Fan does not teach receiving, by the one or more computers implementing -the temporal self-attention layer, outputs of the plurality of GRNs as input to a multi-head attention layer;
Song teaches receiving, by the one or more computers implementing -the temporal self-attention layer, [outputs of the plurality of GRNs as] input to a multi-head attention layer; (See e.g. [0019], A computer-usable or computer readable medium may include any apparatus that stores, communicates, propagates, or transports the program for use by or in connection with the instruction execution system, apparatus, or device.) (See e.g. [0058], Temporal self-attention 420 explicitly encodes the temporal information in the video sequence, extending self-attention mechanism in the transformer model modelling the temporal information of the spatial feature maps generated by the fully convolutional encoder 410 at each level.) (See e.g. [0063], the temporal self-attention module 420 can implement a multi-head self-attention mechanism…Temporal self-attention module 420 then compares the similarity Dcos 555 between query q(tk) (545) and memory m(tk) (540) feature vectors and generates the attention weights by normalizing across time steps using a softmax function)
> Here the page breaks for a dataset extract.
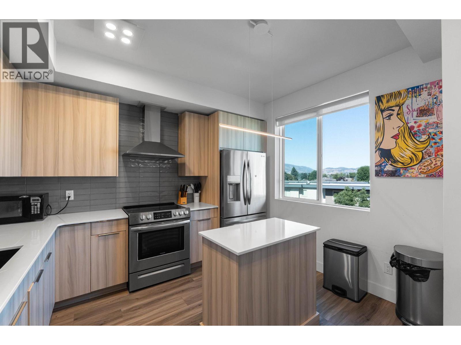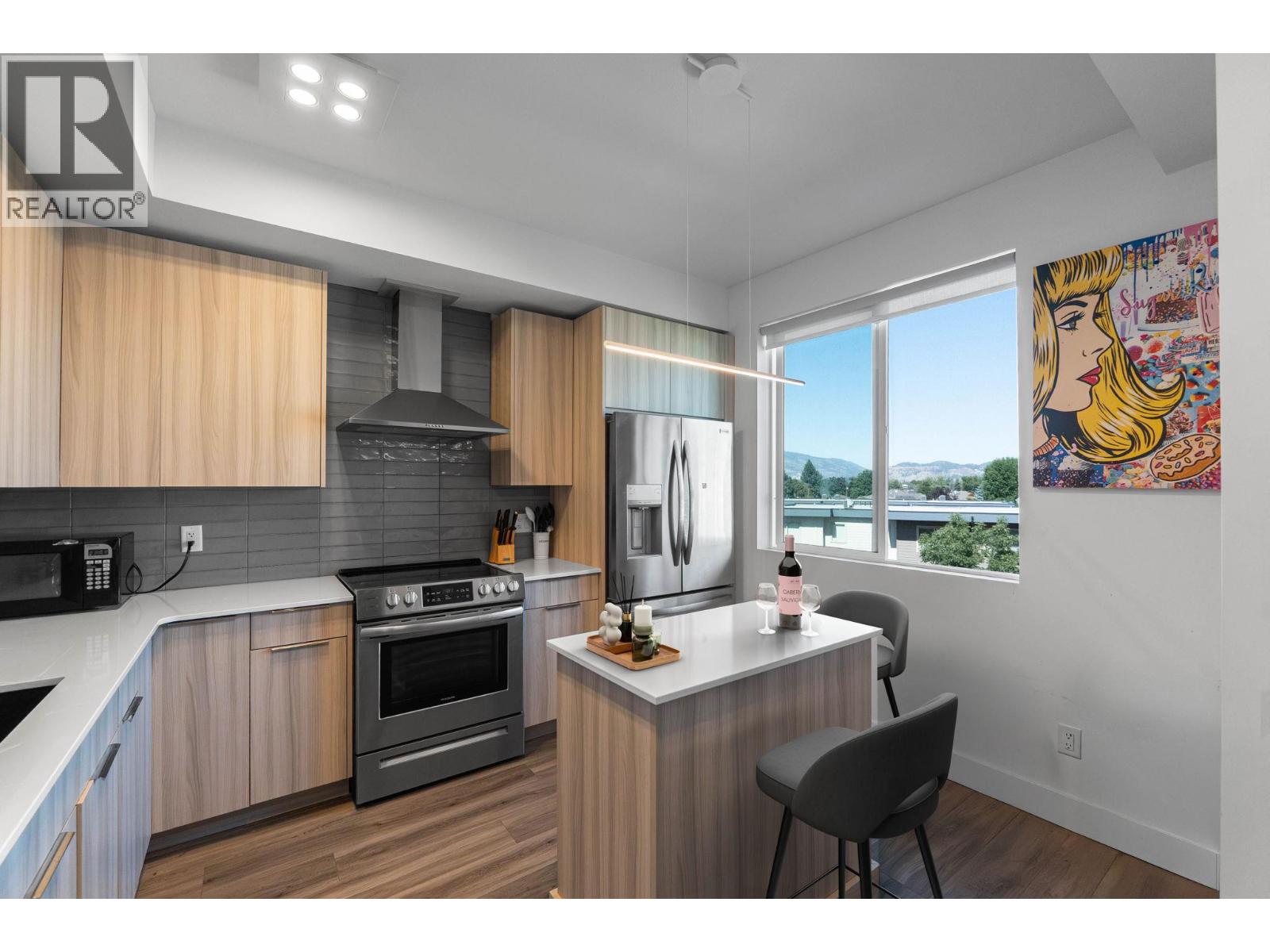 Experience the best of Lower Mission living at Green Square Vert, a 2022 year-built community. This 1-bedroom plus large den, 1-bath condo offers beautiful city and mountain views within an ultra-quiet setting. The bright, open floor plan features a modern kitchen with quartz countertops and ceiling-height cabinetry, designed for both style and function. The primary bedroom is a true retreat with a custom walk-in closet leading into a thoughtfully designed ensuite. The large den is spacious and versatile—perfect as a home office, guest room, or flex space. Step out onto your private patio, ideal for relaxing or BBQing with friends. Community amenities include a fitness centre with cardio machines and a weight rack, a kids’ playground, garden plots, dog/bike wash station, and secure bike storage. Conveniently located near grocery stores, restaurants, Gyro Beach, trails, wineries, and golf, this home perfectly blends lifestyle, comfort, and modern design. Lockbox at the front metal rail. Backed by a 2-5-10 Home Warranty for peace of mind, this home ensures lasting quality and protection. (id:6770)

Accordingly, it would have been obvious to a person having ordinary skill in the art
before the effective filing date of the claimed invention, having the teaching of Fan and Song
before them, to include Song’s multi-head layer which would allow Fan’s static covariates to
maintain relationships of data. One would have been motivated to make such a combination in
order to implement, unsupervised, semi-supervised and fully supervised learning of a neural
network, the method can also generate new data with the same statistics as a training set, as
suggested by Song (US 20200134804 A1) (0003)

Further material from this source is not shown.